If you adopt this mindset then the design of your system changes:
- The best security of personal information is not capturing it in the first place. Do you actually need this data and if so, what for?
- Expire and then purge data when it’s no longer needed (compliance and regulatory requirements may drive the timing of this). If the process requiring the data is finished, why hang on to it?
- Tokenise sensitive data, refer to it and then use it “just in time” to do the action you require. Why do we need someone’s email address in every system? Why not hold a reference to an encrypted version instead right up to the point of sending an email.
Privacy by design takes more effort up front and requires architectural discipline to achieve in a meaningful way across the enterprise. Likewise, many vendors need to support things like just in time token exchange in their systems.
But, just because something is hard, doesn’t mean it isn’t worthwhile.
It is becoming increasingly rare for major data breaches of credit card information to occur. This is a result of legislation and fines, ensuring that businesses are taking this seriously as well as technology systems being improved to no longer require storage (such as card tokenisation for repeat or recurring purchases).

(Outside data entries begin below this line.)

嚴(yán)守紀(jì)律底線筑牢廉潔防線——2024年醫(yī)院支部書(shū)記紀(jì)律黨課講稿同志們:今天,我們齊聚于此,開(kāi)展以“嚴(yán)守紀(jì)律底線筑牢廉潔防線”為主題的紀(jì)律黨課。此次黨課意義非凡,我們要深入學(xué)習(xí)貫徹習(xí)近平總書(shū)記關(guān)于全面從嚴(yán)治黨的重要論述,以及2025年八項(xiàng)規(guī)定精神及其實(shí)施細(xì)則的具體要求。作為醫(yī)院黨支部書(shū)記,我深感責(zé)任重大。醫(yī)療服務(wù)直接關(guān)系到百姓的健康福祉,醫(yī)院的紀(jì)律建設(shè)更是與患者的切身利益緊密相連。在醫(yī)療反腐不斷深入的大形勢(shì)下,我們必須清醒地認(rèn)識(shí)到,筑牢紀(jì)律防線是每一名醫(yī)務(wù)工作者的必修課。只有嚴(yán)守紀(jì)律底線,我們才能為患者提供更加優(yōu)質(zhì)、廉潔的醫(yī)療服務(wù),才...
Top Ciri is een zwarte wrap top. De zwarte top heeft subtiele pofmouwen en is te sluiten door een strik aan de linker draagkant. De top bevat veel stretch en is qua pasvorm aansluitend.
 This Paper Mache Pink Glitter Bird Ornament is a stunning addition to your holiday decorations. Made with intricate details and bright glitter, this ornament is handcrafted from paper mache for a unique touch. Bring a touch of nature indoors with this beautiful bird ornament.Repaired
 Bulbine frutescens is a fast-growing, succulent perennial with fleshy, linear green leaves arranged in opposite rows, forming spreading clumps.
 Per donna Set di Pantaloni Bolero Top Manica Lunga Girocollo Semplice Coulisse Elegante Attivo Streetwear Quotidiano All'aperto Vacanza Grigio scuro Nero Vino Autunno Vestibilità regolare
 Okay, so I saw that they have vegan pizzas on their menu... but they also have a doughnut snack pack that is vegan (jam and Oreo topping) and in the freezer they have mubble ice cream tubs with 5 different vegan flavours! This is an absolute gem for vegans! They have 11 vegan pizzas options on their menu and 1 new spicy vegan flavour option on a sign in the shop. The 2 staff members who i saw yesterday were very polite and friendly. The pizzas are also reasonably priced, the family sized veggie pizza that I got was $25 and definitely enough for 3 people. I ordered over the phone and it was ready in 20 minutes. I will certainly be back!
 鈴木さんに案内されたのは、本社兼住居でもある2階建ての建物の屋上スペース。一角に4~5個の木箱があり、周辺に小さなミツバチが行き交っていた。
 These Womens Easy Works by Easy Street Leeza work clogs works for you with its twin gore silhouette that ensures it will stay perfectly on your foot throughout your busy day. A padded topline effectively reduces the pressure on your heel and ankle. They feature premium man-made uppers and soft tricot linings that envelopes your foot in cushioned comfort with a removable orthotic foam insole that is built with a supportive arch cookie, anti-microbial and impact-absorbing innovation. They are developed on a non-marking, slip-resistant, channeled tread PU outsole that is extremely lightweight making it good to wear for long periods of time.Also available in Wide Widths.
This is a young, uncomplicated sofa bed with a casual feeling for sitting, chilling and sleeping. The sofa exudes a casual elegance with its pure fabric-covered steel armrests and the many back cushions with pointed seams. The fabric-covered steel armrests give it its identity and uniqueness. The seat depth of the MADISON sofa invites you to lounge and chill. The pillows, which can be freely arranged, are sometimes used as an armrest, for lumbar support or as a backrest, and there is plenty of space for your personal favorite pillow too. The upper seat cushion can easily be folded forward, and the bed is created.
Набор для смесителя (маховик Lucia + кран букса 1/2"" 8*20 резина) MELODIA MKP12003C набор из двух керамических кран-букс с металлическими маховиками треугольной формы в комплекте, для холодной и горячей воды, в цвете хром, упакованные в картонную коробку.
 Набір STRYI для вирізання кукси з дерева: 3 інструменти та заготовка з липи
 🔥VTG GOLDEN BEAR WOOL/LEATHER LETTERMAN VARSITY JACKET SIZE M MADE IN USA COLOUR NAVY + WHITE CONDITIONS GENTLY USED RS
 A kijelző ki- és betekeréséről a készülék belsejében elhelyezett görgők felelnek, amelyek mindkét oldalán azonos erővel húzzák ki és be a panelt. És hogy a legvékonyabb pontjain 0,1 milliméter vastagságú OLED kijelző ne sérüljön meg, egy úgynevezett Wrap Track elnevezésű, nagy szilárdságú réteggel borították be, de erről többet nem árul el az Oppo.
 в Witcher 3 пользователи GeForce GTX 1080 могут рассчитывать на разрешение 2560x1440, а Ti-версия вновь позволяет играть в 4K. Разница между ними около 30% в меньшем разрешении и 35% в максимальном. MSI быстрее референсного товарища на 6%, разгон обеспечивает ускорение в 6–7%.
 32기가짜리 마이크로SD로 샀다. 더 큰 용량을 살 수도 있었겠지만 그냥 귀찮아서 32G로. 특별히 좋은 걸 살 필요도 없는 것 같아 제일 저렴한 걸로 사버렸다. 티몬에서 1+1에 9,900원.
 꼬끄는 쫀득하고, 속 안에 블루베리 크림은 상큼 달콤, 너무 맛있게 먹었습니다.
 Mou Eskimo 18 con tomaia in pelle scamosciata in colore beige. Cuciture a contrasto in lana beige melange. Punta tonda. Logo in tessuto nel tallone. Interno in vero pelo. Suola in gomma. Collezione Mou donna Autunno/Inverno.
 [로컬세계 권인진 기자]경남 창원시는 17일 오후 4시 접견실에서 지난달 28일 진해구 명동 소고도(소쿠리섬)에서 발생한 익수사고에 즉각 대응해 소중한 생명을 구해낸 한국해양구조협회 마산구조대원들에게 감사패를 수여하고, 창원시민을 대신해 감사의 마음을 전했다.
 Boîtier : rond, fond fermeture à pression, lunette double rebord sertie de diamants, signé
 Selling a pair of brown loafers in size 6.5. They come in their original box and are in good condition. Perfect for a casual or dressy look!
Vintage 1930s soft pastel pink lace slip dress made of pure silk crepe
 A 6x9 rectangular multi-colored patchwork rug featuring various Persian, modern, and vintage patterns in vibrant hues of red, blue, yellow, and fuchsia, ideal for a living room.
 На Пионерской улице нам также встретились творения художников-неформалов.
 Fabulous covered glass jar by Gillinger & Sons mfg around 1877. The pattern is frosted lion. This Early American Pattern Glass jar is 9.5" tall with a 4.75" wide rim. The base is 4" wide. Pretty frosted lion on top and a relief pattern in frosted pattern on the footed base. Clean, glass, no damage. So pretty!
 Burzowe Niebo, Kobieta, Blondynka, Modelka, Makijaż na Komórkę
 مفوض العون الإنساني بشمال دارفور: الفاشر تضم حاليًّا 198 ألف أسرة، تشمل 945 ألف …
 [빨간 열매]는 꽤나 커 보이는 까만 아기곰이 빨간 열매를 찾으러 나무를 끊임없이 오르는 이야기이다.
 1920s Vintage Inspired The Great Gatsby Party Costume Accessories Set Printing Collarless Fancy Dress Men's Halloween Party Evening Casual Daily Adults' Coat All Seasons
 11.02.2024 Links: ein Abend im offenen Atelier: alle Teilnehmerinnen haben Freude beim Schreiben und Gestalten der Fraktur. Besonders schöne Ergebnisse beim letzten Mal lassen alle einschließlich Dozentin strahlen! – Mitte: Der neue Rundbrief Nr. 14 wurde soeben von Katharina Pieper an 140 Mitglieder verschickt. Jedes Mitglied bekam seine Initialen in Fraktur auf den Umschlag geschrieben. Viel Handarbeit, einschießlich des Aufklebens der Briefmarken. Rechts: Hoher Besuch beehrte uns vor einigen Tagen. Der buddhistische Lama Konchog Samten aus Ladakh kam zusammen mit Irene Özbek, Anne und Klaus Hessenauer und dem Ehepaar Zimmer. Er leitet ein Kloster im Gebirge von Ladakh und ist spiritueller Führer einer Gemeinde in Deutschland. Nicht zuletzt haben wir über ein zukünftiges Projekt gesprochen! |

The improvements made relating to card security has been a sustained and collaborative effort by all players in the system. This came by recognising that there was a problem that needed action, and then working through the detail over long periods of time to drive the outcome.
None of this stuff is easy, but as we have seen this week with Qantas and the dismissiveness that still occurs around the disclosure of personal information, we're still some way away from getting everyone to agree that there’s a problem that needs solving here.
I'm hopeful we'll get there eventually, and also hopeful that governments legislate harder to create incentives for organisations to design appropriately. In the same way that environmental and waste laws drive organisational behaviour, if we start treating personal data as a toxic byproduct of digital services then legislation to protect from these byproducts makes sense. Legislation like the GDPR (with the teeth that come from fines) and the CCPA are good examples of a starting point but need to go wider, deeper and have tough fines so the calculus of deterrence makes sense for companies to take action.